━━━━━ EXERCISE INPUTS ━━━━━

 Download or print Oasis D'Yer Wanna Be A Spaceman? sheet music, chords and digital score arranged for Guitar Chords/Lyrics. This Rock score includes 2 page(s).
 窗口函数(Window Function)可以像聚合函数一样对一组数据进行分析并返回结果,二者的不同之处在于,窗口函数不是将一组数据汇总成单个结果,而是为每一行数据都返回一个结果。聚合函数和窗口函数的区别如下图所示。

━━━━━
━━━━━ EXERCISE INPUTS ━━━━━

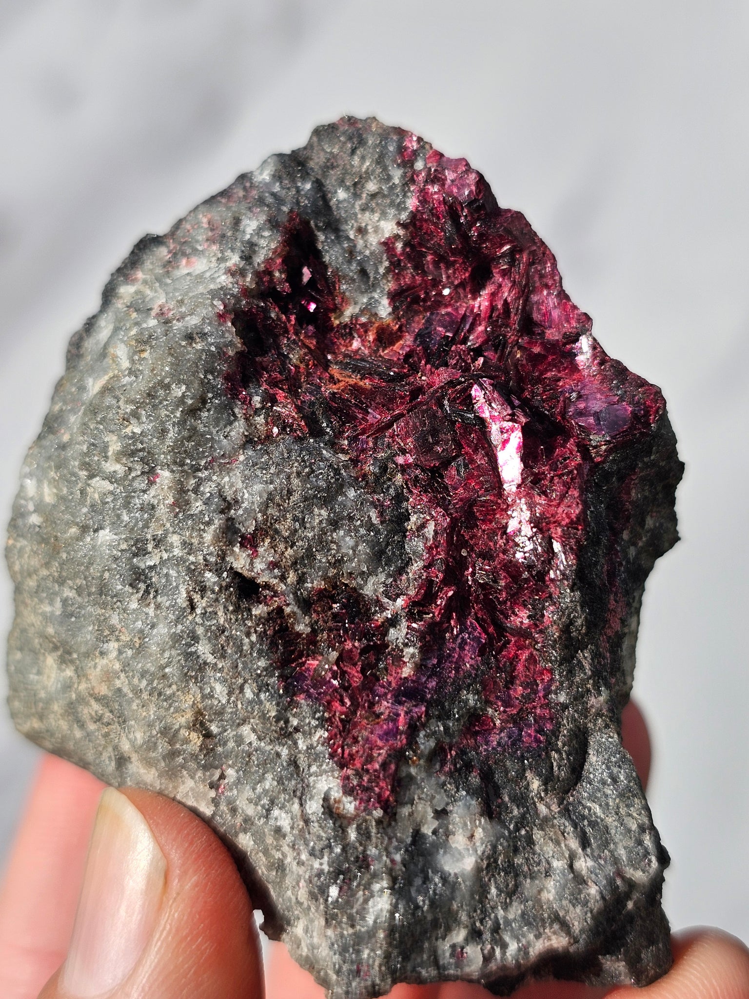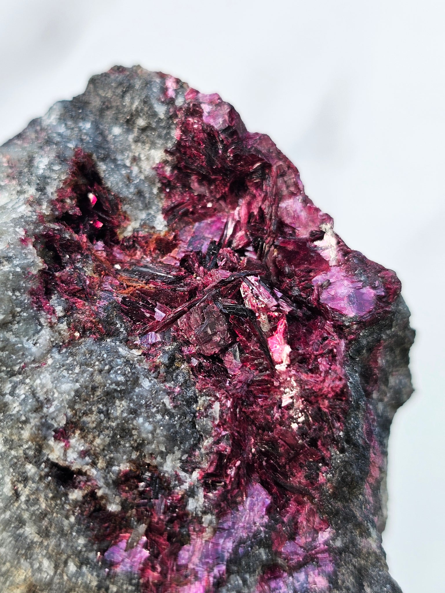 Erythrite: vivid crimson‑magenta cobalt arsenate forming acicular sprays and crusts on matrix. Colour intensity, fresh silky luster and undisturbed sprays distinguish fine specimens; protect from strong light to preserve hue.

━━━━━

■ EXERCISE DIRECTIONS
Since only part of the listing is wanted, copy exactly the lines from the one holding "Download or print" to the one holding "窗口函数(Window Fu", both included.

■ SOLUTION TO THIS EXERCISE
 Download or print Oasis D'Yer Wanna Be A Spaceman? sheet music, chords and digital score arranged for Guitar Chords/Lyrics. This Rock score includes 2 page(s).
 窗口函数(Window Function)可以像聚合函数一样对一组数据进行分析并返回结果,二者的不同之处在于,窗口函数不是将一组数据汇总成单个结果,而是为每一行数据都返回一个结果。聚合函数和窗口函数的区别如下图所示。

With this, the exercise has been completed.